Julie edited this page Feb 13, 2015 · 2 revisions

Often the object files you create in Display are too big (ie. have too many vertices/faces) to conveniently use in further applications (ex. MAGeT-Brain). This is a brief description of how to use the software Amira (http://www.fei.com/software/amira-3d-for-life-sciences/) (which is unfortunately not open-source) to downsample an object file. This description is specific to Amira version 6.0. Some command names/colours may differ for other versions.

  1. First, convert your .obj file into the Amira format .iv (the 'open inventor' format):

bicobj2iv in.obj > out.iv

This code is available through the bicInventor library. Download instructions for this library can be found at https://wiki.mouseimaging.ca/plugins/viewsource/viewpagesrc.action?pageId=2745 (see #8 under Installation).

  1. Load the .iv file into Amira. You will see it appear in the top left of the screen, in the "Project View" panel as a green rectangle. The "Project View" panel will document your pathway, aka. the steps you take to manipulate your data.

  2. Right-click on the loaded data, then select Convert -> Open Inventor Scene to Surface. Scroll to the bottom of the screen on the right, and click Create. This will add a red rectangle with the title Open Inventor Scene To Surface to your Project View panel. Click on this rectangle and click Apply (the green button on near the bottom of your screen). This will create a new data type, specifically another green rectangle entitled GeometrySurface. Right-click on GeometrySurface, click Display -> SurfaceView -> Create. A yellow rectangle entitled Surface View should appear. Click on this, and you should see your data as a 3D surface.

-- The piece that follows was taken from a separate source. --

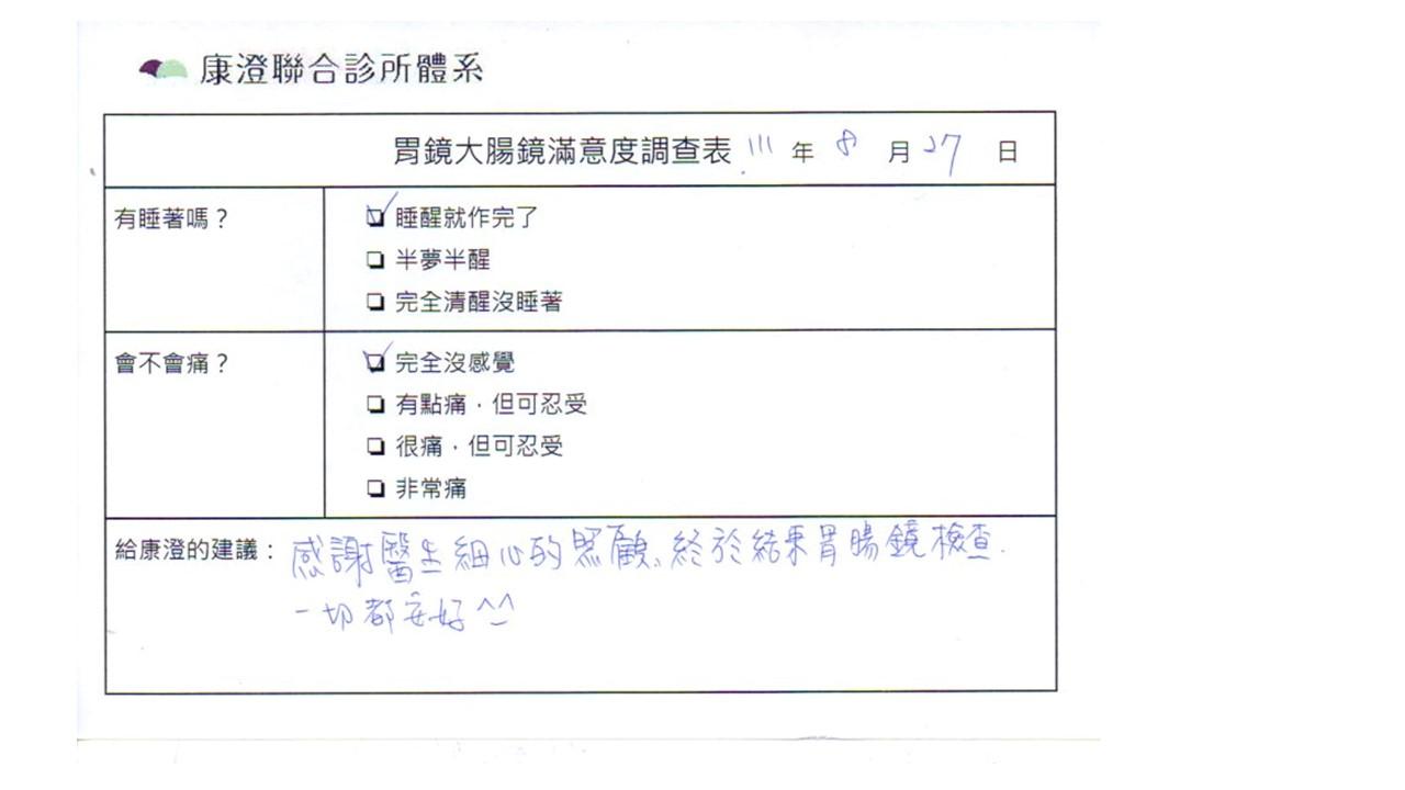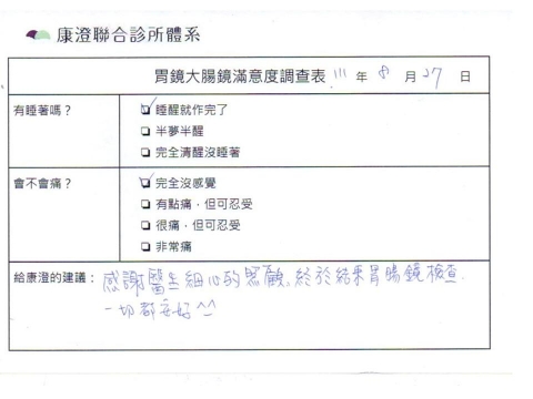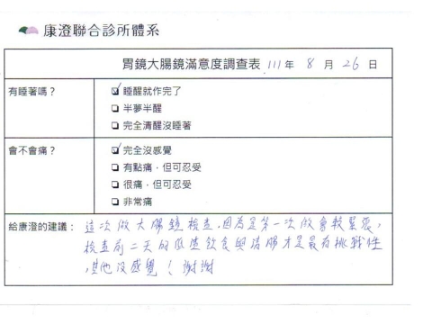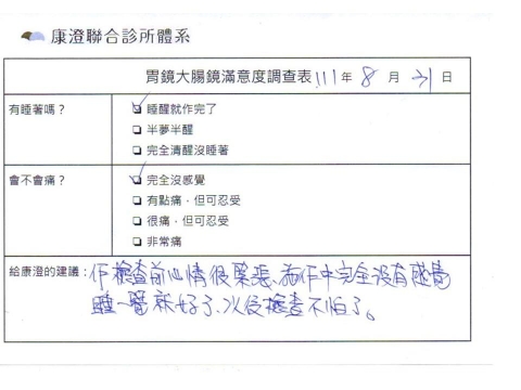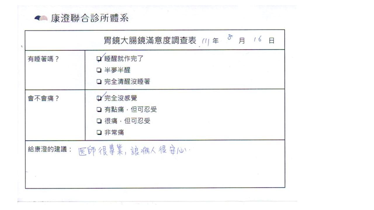 「定期穩定在櫃診所健檢,腸胃鏡的檢查醫療團隊及護理人員後續衛教的處理不輸醫院等級ㆍ專業丶舒適丶安心,整個療程無痛,護理人員親切可降低檢查的緊張感,非常感謝!」

  3. Click on your GeometrySurface again. The bottom left box on your screen is called "Properties". In the top right corner of this box, there's a button with a red triangle called "Simplification Editor". Clicking this button will bring you to a screen which will show you, among other things, the number of faces on your surface. On the Simplify line, you can manually enter the number of faces. Depending on how much smaller you want your file to be, use this box to adjust the number of faces (I normally reduce to 10% of the original). Click Simplify now. The surface should be updated.

  4. In addition to downsampling, you probably want to smooth the surface a bit. To do this, right-click on GeometrySurface, and click Surface Transformations -> Smooth Surface -> Create. You should see another red rectangle with the label Smooth Surface appear. Click this rectangle, then click the green Apply button. You should now see another GeometrySurface. Click on this, then right-click, Display -> Surface View -> Create. You will get another Surface View yellow rectangle. At this point, you're viewing both your Surface Views overlayed on each other. Deselect the small red square on your first Surface View to view just the most recent one. So you've now applied one smooth iteration to the surface, which probably didn't make a huge difference to your file. You can apply further smooth iterations by clicking on the Smooth Surface executable (red rectangle) that should be in your Project View panel and clicking on Apply. Your surface should update in real time. Be aware that it's a fine balance between smoothing enough to make a nice-looking surface, and smoothing too much so that you just have an amorphous blob. I normally find ~6 smooth iterations does the trick.

  5. Now click on the downsampled, smoothed GeometrySurface (your most recently-created green rectangle). Go to File -> Export Data As and save in the Open Inventor ascii (*.iv) format.

  6. The latest Open Inventor versions (v8.0+, to which Amira will automatically save) are unfortunately different than the earlier version (v2.1), so you have to convert the .iv you just saved to the old .iv format. I use a handy piece of code to do this, but it's just a matter of changing the header. There's information about .iv headers available online.

  7. The reason you had to do that conversion is because the following command, which will convert your .iv file back into a .obj file, only accepts the old (v2.1) .iv format.

iv2bicobj in.iv out.obj

This command is also a part of the bicInventor library. You should now have a downsampled and smoothed object!